- _Problem statement_
Return the stretch from the line with "Displej? Velké TFT, čitelné" through the line with "ANTIGUO BANDERIN CON" in the data below, character for character, skipping all pictures.

- _Data extracts_
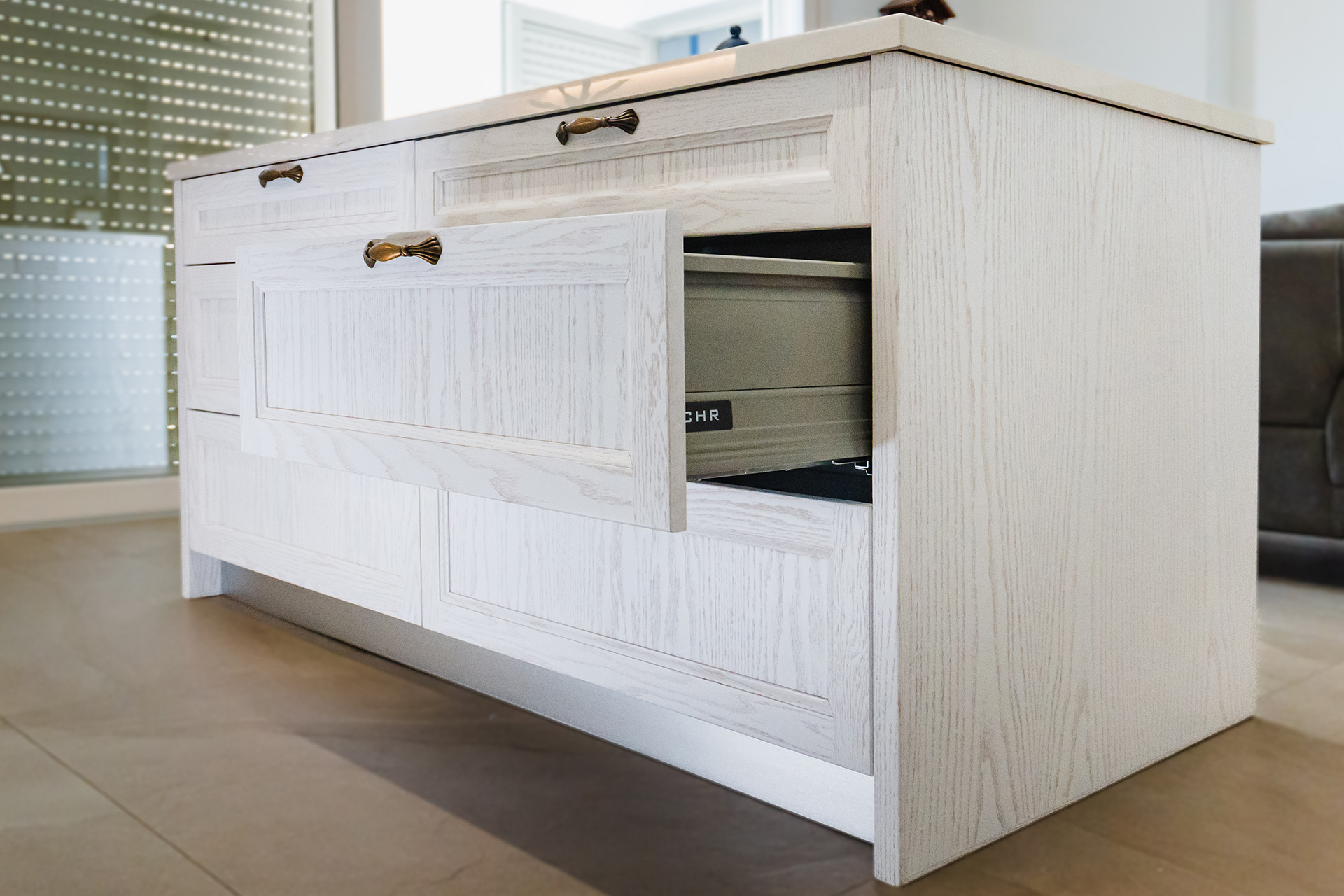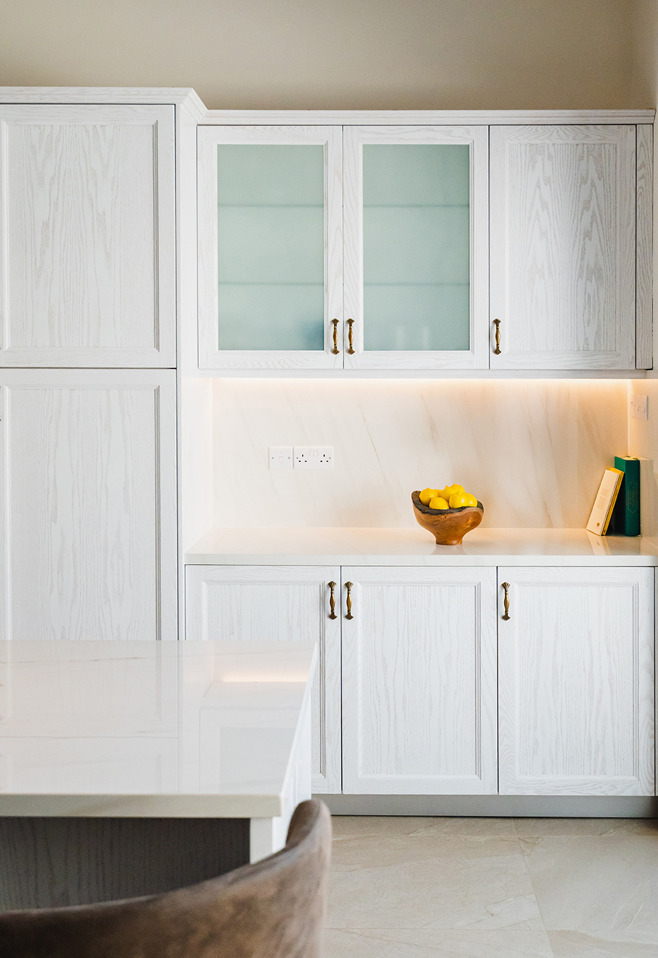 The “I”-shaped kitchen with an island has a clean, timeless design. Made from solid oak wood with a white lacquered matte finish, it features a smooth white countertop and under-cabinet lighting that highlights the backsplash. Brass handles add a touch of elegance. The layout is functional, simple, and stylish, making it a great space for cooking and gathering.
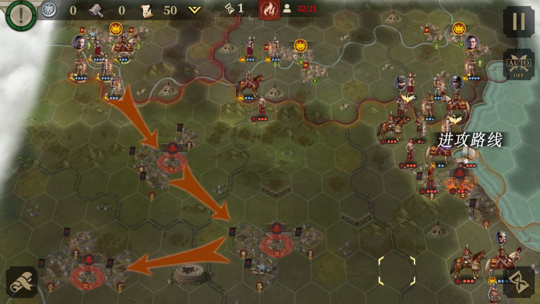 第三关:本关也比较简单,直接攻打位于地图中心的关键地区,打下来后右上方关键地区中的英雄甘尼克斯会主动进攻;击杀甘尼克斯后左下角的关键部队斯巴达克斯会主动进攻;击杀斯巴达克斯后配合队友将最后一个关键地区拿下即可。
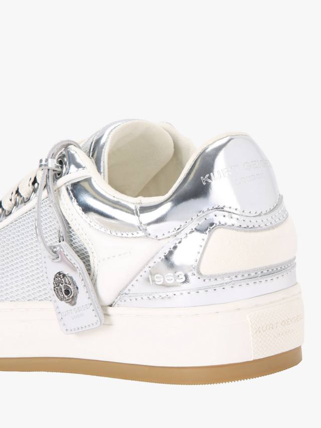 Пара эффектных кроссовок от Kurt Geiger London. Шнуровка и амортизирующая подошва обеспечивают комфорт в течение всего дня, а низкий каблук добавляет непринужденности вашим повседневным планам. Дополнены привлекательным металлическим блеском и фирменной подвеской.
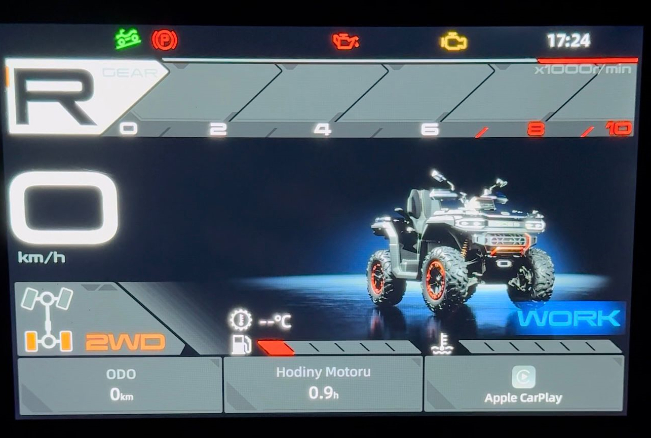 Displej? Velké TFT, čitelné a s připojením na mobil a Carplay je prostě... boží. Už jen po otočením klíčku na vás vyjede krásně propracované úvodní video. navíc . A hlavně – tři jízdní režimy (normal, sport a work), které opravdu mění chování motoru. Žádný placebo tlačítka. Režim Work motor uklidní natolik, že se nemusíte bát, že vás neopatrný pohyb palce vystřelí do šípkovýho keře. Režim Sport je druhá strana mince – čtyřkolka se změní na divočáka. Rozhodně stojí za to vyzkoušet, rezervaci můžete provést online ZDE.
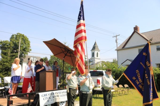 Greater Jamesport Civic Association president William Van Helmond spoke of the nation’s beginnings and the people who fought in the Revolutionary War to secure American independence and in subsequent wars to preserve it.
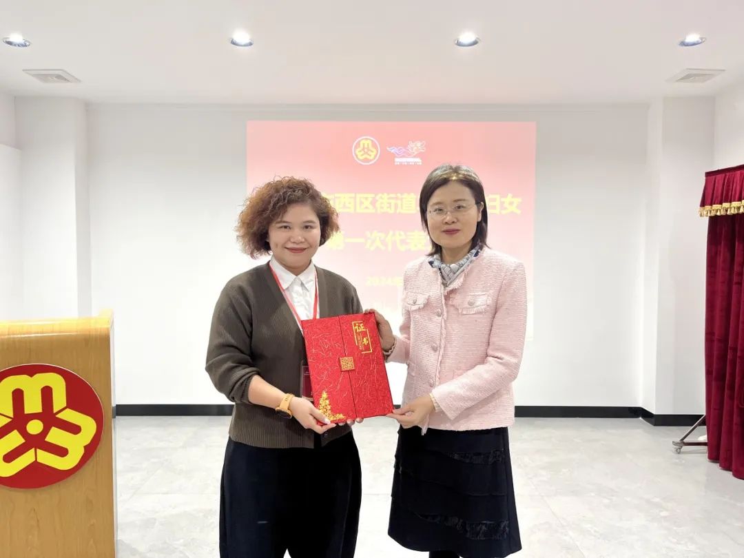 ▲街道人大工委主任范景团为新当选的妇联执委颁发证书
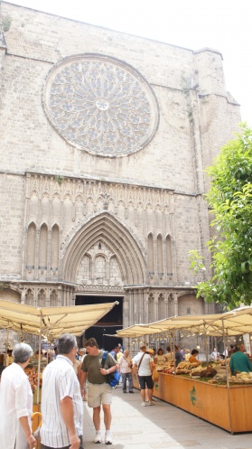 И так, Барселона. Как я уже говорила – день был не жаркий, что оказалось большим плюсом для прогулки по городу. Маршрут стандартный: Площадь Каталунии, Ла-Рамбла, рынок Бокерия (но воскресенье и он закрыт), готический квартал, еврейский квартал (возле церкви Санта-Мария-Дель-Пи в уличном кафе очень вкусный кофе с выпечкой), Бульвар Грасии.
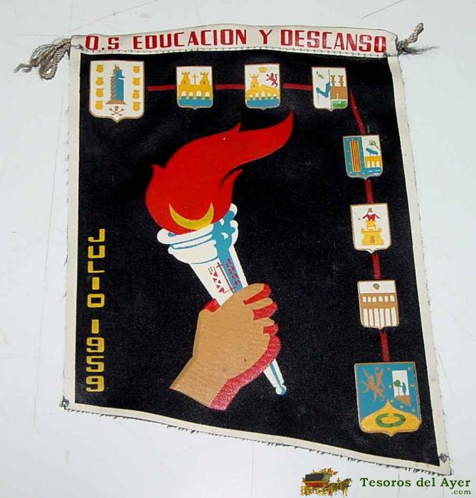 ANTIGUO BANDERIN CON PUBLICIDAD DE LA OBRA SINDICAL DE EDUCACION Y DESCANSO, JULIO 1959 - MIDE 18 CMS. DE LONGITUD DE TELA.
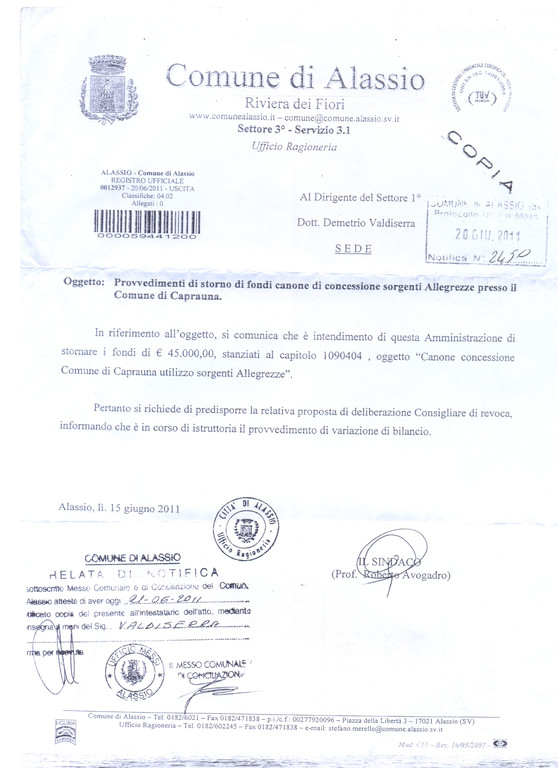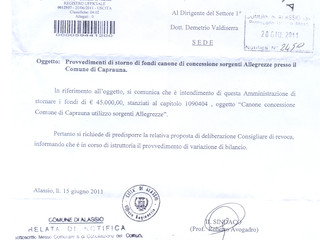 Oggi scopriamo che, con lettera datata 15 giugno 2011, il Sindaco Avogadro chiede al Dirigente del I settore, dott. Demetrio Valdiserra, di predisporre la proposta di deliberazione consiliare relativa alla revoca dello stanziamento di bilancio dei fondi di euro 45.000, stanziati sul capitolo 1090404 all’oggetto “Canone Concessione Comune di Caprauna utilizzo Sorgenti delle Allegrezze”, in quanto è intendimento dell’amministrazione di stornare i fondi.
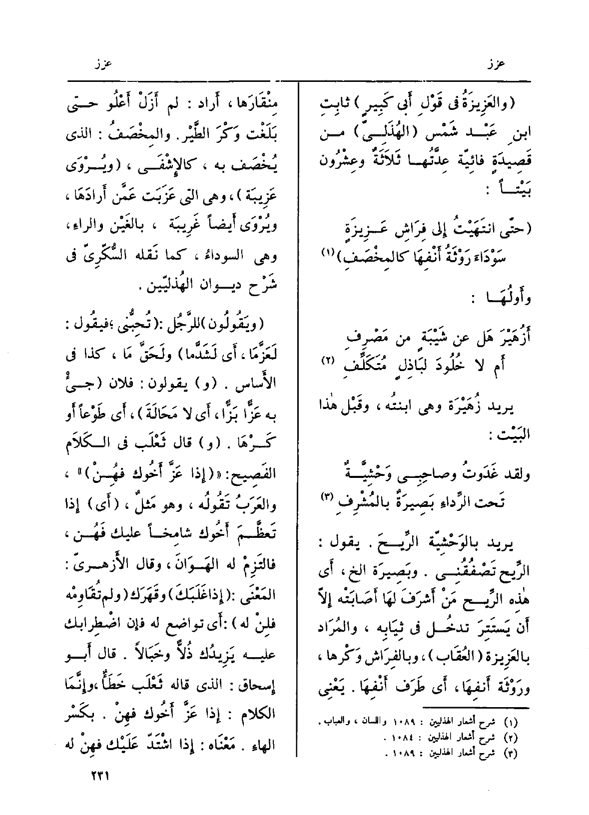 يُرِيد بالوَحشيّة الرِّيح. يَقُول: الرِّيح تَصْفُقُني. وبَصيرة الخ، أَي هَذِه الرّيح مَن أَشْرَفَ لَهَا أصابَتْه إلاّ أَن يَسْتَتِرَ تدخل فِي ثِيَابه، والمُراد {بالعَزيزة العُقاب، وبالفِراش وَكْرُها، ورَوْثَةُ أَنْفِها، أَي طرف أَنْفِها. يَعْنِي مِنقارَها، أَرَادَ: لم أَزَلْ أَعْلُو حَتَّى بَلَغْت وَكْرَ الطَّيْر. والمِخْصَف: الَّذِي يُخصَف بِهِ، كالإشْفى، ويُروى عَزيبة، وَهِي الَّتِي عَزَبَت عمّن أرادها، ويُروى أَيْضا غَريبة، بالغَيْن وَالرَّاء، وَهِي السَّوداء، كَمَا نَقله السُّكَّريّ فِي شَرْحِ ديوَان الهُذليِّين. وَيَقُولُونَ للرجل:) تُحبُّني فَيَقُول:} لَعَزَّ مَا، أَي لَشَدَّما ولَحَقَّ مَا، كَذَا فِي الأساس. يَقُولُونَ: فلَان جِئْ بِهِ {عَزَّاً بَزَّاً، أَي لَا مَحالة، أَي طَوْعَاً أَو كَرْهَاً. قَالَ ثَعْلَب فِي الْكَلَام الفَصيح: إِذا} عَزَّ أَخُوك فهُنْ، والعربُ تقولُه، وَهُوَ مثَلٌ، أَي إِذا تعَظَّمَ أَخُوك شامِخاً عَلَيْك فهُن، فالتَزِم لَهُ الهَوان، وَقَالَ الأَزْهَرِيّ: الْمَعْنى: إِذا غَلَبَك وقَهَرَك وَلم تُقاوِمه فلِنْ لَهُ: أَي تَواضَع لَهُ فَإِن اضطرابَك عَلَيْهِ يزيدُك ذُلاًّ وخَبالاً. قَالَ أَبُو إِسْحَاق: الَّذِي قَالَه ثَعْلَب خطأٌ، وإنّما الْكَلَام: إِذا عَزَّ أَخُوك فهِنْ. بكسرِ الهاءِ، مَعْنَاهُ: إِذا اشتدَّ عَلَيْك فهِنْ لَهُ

- _Expected answer_
 Displej? Velké TFT, čitelné a s připojením na mobil a Carplay je prostě... boží. Už jen po otočením klíčku na vás vyjede krásně propracované úvodní video. navíc . A hlavně – tři jízdní režimy (normal, sport a work), které opravdu mění chování motoru. Žádný placebo tlačítka. Režim Work motor uklidní natolik, že se nemusíte bát, že vás neopatrný pohyb palce vystřelí do šípkovýho keře. Režim Sport je druhá strana mince – čtyřkolka se změní na divočáka. Rozhodně stojí za to vyzkoušet, rezervaci můžete provést online ZDE.
 Greater Jamesport Civic Association president William Van Helmond spoke of the nation’s beginnings and the people who fought in the Revolutionary War to secure American independence and in subsequent wars to preserve it.
 ▲街道人大工委主任范景团为新当选的妇联执委颁发证书
 И так, Барселона. Как я уже говорила – день был не жаркий, что оказалось большим плюсом для прогулки по городу. Маршрут стандартный: Площадь Каталунии, Ла-Рамбла, рынок Бокерия (но воскресенье и он закрыт), готический квартал, еврейский квартал (возле церкви Санта-Мария-Дель-Пи в уличном кафе очень вкусный кофе с выпечкой), Бульвар Грасии.
 ANTIGUO BANDERIN CON PUBLICIDAD DE LA OBRA SINDICAL DE EDUCACION Y DESCANSO, JULIO 1959 - MIDE 18 CMS. DE LONGITUD DE TELA.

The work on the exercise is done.